Now, running the help function produces the expected result, even though the function is decorated:
help(fibonacci)
>>>
Help on function fibonacci in module __main__:
fibonacci(n)
Return the n-th Fibonacci number
The pickle object serializer also works:
print(pickle.dumps(fibonacci)) >>> b'\x80\x04\x95\x1a\x00\x00\x00\x00\x00\x00\x00\x8c\x08__main__➥x94\x8c\tfibonacci\x94\x93\x94.'
Beyond these examples, Python functions have many other standard attributes (e.g., __name__, __module__, __annotations__) that must be preserved to maintain the interface of functions in the language.
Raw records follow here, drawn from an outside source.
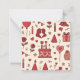 This doodle pattern features a variety of hand-drawn elements in a warm palette of reds and soft pinks, including:
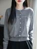Cardigan feminino de malha jacquard floral de lã fina de imitação nova primavera e verão 2025, manga comprida, gola redonda com bolsos
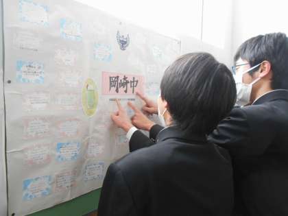 本日,左京区はぐくみネットワーク様より3年生に向けた「はげましメッセージ」が届きました。まもなくそれぞれの進路に向けてチャレンジを迎える3年生にとって心の温まるもので3年生も掲示板の前で立ち止まってメッセージを読んでいました。
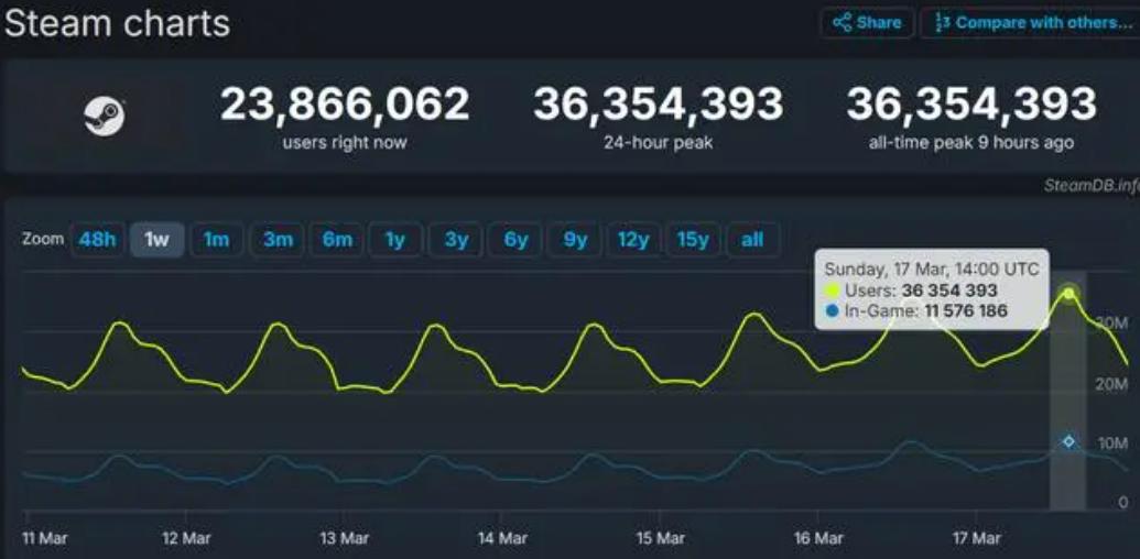 截至3月18日,据 SteamDB 数据显示,Steam 同时在线玩家峰值人数达到 36354393,连续三周创造新的纪录。3月2日,在线峰值34298950人,3月10日这个纪录被刷新至35385530人。

Using wraps ensures that you’ll always get the correct behavior.
Things to Remember
Decorators in Python are syntax to allow one function to modify another function at runtime.
Using decorators can cause strange behaviors in tools that do introspection, such as debuggers.
Use the wraps decorator from the functools built-in module when you define your own decorators to avoid any issues.